Ghosn Kabur Setelah Tak Diawasi 'Mata-mata' Nissan

IN
Oleh inilahcom
Minggu 05 Januari 2020
share
 

INILAHCOM, Tokyo - Mantan bos Nissan Carlos Ghosn meninggalkan rumahnya di Tokyo setelah perusahaan keamanan swasta yang disewa Nissan Motor Co berhenti mengawasinya, demikian menurut tiga orang sumber kepada Reuters.

Nissan menyewa jasa keamanan swasta untuk mengawasi Ghosn yang dibebaskan dengan jaminan oleh pengadilan Tokyo.

Tiga orang narasumber menyatakan petugas keamanan swasta memata-matai Ghosn untuk memeriksa apakah dia bertemu dengan orang yang terlibat dalam kasus itu.

Namun, pengacara Ghosn memperingatkan perusahaan keamanan untuk berhenti mengawasinya karena itu akan melanggar HAM.

Ghosn berencana untuk mengajukan pengaduan atas perusahaan itu, kata sumber tersebut.

Perusahaan keamanan menghentikan pengawasannya pada 29 Desember 2019, kata sumber itu.

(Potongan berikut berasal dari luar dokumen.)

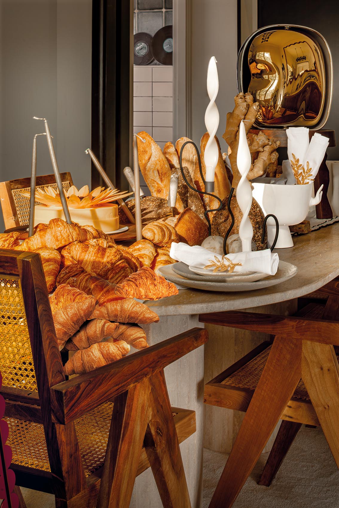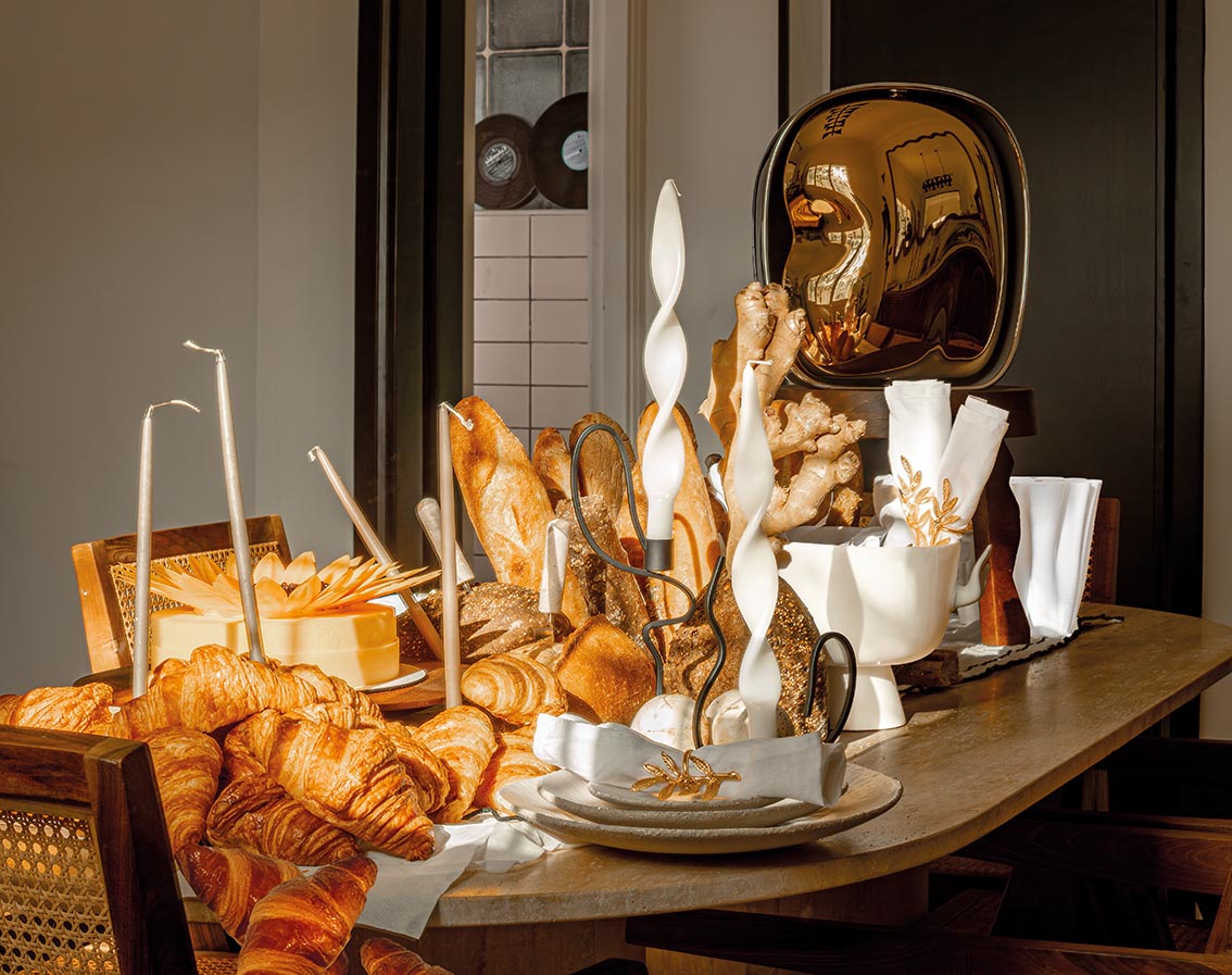 La fête simple, celle du matin partagé. L’abondance se lit dans le détail, dans la texture du pain, dans la lumière qui s’accroche aux dorures et aux porcelaines. Le métal poli répond au grain du bois, la blancheur de la vaisselle équilibre la chaleur des viennoiseries. Une célébration silencieuse, à la fois domestique et sculpturale, où la beauté se glisse dans le rythme du quotidien.

Salah satu pengacara Ghosn, Junichiro Hironaka, mengatakan kepada wartawan pada November bahwa mereka sedang mempertimbangkan langkah-langkah untuk mencegah orang membuntuti Ghosn.

Perwakilan Nissan menolak memberikan komentar kepada Reuters.

Ghosn menjadi buronan internasional setelah ia mengumumkan pada Selasa (31/12/2019) telah pindah ke Lebanon. Dia menyebut kepulangannya ke Lebanon adalah demi melepaskan diri dari 'peradilan yang curang' di Jepang.

Lebanon pada Kamis (2/4/2020) menerima surat perintah penangkapan Ghosn dari Interpol.

Kamera pengawas dekat rumah Ghosn di Tokyo menangkap gambar saat mantan bos Nissan itu meninggalkan kediamannya dan tidak kembali lagi ke rumah itu.

Media Jepang NHK, mengutip sumber terdekat dalam proses penyelidikan Ghosn, menyebutkan bahwa pria berusia 65 tahun itu tidak kembali lagi ke rumah setelah meninggalkan kediamannya pada Minggu siang (29/12/2019).

Ghosn diduga tiba di Istanbul, Turki, pada Senin (30/12/2019), kemudian langsung bertolak ke Beirut, Lebanon.